Horse Journal Response:
To help with the change from paper to a website subscription and ensure you receive maximum benefit, we are compiling one PDF at the end of each month with everything we uploaded during that month.
With this PDF, readers can see what they may have missed, and they can print out individual stories from the PDF. Here is the link for March 2014. You can print only what you want. For example, if you only want to read “Zipper Riding Boot Care,” you can just print out page 13 rather than all 39 pages.
We realize our change from print to a subscriber-only online digital resource was an adjustment for some of our readers. The majority, though, were pleased. Like you, they didn’t have time (or energy at the end of the day!) to read all the magazines stacked by their chair. We’re right with you!
We also noticed that when most people today want to make a purchase, they look for material on the Internet for advice. And we realized it’s pretty tough to find a site you can trust with unbiased commentary. We wanted to fill that niche.
Our digital format allows readers to quickly research purchases and veterinary articles. We keep you posted on what’s new (daily! not monthly!). You can take time to simply read the material your interested in. The bimonthly newsletter keeps you informed of newly uploaded material. We also update Twitter and Facebook daily.
Dropping paper allows us to offer our readers more, with bigger, better, fresh content. New product trials, updated articles, videos and more – the most value we can offer for your subscription fee. All major stories also have a downloadable PDF link with them, so you can print and file the stories, if you prefer.
We also compiled the entire month of blogs in a second month-end PDF that you can download or browse through. We know a lot of people don’t want to bother with blogs. But that’s because, with few exceptions, the word “blog” has become associated with rambling diaries of some stranger’s life. Not with Horse Journal Online.
The postings you see in our writers’ blogs are actually the former Editorials, Commentaries and Veterinary Viewpoints we published each month in the old Horse Journal print. Just as with my editorials, my blogs discuss what I think horse owners should consider in their own barns, current trends, breaking news and more.
Dr. Grant Miller, one of our Veterinary Editors, has been scoping out things his clients are using that our readers might like to hear more about, including Fodder Systems and VibraPlates.
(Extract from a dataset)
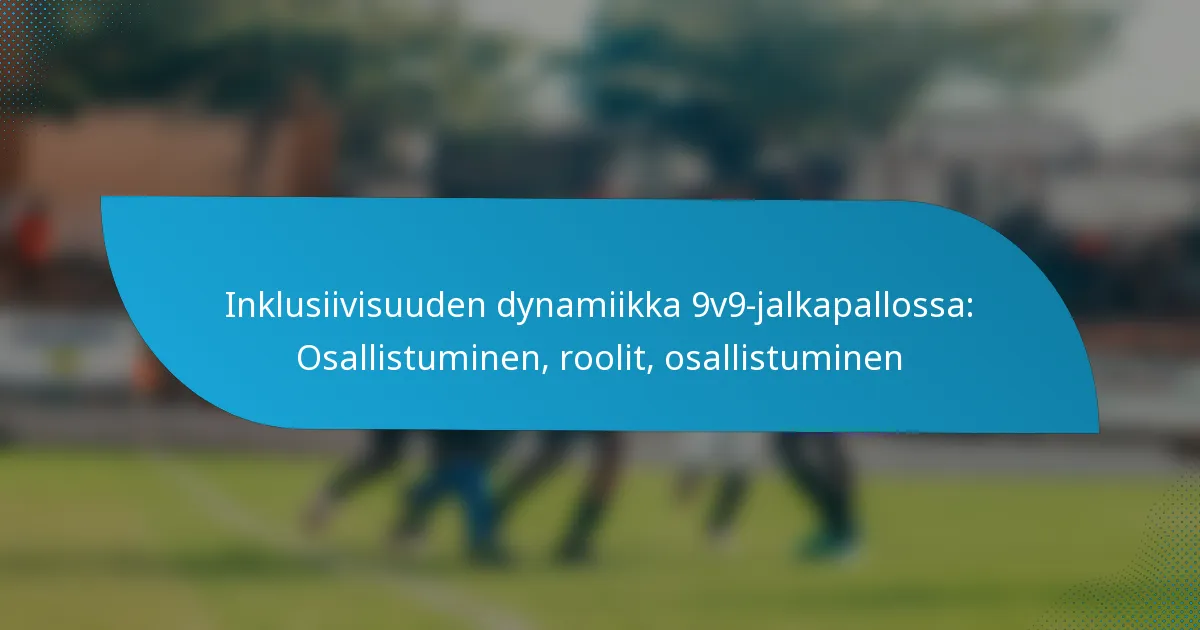 Inklusiivisuuden dynamiikka 9v9-jalkapallossa on ratkaisevassa roolissa pelaajien sitoutumisen ja osallistumisen parantamisessa eri ryhmien keskuudessa. Toteuttamalla keskeisiä strategioita, jotka edistävät tervetulleita ympäristöjä ja mukauttavat pelaajaroolit, joukkueet voivat luoda tukevan ilmapiirin, jossa jokainen tuntee itsensä arvostetuksi. Kohdennetut lähestymistavat esteiden käsittelemiseksi ja inklusiivisuuden edistämiseksi ovat välttämättömiä osallistumisasteiden parantamiseksi ja varmistaakseen, että kaikki yksilöt voivat menestyä urheilussa.

That doesn’t mean we won’t tackle them at one point or another, but it keeps things fresh. And we love feedback, as it helps us develop our articles, too. Let Dr. Miller know what you’re up against!
Our other Veterinary Editor, Dr. Deb M. Eldredge, shows in her blogs why she’s a national multi award-winning writer and book author. Her blog is informative with a witty look at life on the farm, like her discussion about shedding. Let Dr. Eldredge know what you’re wondering about. She recently helped a horse owner with a goat problem!
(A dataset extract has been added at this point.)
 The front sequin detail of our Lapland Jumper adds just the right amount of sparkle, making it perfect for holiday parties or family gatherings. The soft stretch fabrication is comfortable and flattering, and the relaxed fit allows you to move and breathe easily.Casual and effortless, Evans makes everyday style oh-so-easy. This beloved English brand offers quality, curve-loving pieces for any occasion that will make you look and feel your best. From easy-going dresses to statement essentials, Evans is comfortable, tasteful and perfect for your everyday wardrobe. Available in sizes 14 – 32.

Performance Editor John Strassburger, an eventing trainer in California, concentrates on training, performance, competition and controversial issues. John will keep you informed and on your toes, and he’ll tackle your training problems and offer advice, such as how hard to work your horse.
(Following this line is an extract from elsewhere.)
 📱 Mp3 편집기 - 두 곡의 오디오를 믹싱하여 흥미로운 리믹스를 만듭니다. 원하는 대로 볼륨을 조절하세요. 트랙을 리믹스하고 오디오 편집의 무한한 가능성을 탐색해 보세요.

Associate Editor Margaret Freeman, a USEF judge and FEI-level dressage competitor, focuses on the horsey life and dressage. Her equestrian background is multi-discipline, and her journalism background is strong. She’s discussed amusing anecdotes like “orange horses,” to keeping your cell phone charged during a long day at the barn. Like John, Margaret can help with training, performance – anything horse related. All you need to do is ask.
I tell readers to never hesitate to ask for something, whether it’s an article you’d like to see, one you can’t find or something you particularly liked or didn’t like. We work for you.
Horse Journal has always prided itself on a personal touch with our readers. And, just because we’re growing, evolving and still leading the pack, that doesn’t mean we are going to lose touch with what’s most important to us: our readers. Thank you for making us what we are today!